All lines from the opening of the data to the line containing "设为「微软雅黑,14 号」; |" must be returned unchanged, and only those lines.

### RECORD EXTRACTS:
........

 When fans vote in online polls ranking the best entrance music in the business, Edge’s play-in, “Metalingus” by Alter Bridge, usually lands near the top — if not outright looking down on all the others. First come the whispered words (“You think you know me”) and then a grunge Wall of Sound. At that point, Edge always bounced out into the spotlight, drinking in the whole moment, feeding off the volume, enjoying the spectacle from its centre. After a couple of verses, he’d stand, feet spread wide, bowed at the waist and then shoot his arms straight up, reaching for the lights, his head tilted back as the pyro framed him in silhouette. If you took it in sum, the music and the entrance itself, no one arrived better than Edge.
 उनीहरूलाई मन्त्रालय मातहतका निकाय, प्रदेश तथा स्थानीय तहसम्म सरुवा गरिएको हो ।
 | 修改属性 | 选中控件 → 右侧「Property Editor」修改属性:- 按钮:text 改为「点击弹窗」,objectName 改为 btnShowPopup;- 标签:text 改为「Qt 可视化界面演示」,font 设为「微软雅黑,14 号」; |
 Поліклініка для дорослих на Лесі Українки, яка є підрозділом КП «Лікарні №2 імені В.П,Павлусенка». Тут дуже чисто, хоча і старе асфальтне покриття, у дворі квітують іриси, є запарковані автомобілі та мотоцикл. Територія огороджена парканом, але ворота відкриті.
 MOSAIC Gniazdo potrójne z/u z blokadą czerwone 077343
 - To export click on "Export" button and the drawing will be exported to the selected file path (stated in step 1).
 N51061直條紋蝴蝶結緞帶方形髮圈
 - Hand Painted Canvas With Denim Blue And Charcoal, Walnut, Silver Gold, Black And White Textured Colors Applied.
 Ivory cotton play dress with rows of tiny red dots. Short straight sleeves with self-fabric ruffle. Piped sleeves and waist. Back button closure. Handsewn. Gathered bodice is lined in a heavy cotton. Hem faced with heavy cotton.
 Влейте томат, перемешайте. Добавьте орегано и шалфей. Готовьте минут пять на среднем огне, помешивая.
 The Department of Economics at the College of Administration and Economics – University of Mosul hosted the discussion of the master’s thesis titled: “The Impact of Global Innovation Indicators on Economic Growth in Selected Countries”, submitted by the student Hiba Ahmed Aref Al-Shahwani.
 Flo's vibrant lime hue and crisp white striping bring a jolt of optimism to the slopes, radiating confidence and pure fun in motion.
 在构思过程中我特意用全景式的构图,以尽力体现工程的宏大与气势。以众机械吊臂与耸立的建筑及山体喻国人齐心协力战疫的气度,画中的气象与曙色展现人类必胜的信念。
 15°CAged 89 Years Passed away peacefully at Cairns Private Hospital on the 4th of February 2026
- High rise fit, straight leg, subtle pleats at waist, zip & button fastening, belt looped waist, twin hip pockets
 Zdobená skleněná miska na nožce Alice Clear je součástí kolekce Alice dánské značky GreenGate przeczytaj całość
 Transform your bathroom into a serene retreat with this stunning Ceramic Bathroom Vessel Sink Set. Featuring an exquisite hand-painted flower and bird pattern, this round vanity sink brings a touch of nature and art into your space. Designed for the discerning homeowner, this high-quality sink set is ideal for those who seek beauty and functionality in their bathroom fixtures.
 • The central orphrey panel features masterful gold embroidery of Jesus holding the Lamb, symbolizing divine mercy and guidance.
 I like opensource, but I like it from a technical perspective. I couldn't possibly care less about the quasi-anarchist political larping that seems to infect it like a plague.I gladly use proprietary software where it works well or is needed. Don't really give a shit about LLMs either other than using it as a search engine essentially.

........

### REPLY:
 When fans vote in online polls ranking the best entrance music in the business, Edge’s play-in, “Metalingus” by Alter Bridge, usually lands near the top — if not outright looking down on all the others. First come the whispered words (“You think you know me”) and then a grunge Wall of Sound. At that point, Edge always bounced out into the spotlight, drinking in the whole moment, feeding off the volume, enjoying the spectacle from its centre. After a couple of verses, he’d stand, feet spread wide, bowed at the waist and then shoot his arms straight up, reaching for the lights, his head tilted back as the pyro framed him in silhouette. If you took it in sum, the music and the entrance itself, no one arrived better than Edge.
 उनीहरूलाई मन्त्रालय मातहतका निकाय, प्रदेश तथा स्थानीय तहसम्म सरुवा गरिएको हो ।
 | 修改属性 | 选中控件 → 右侧「Property Editor」修改属性:- 按钮:text 改为「点击弹窗」,objectName 改为 btnShowPopup;- 标签:text 改为「Qt 可视化界面演示」,font 设为「微软雅黑,14 号」; |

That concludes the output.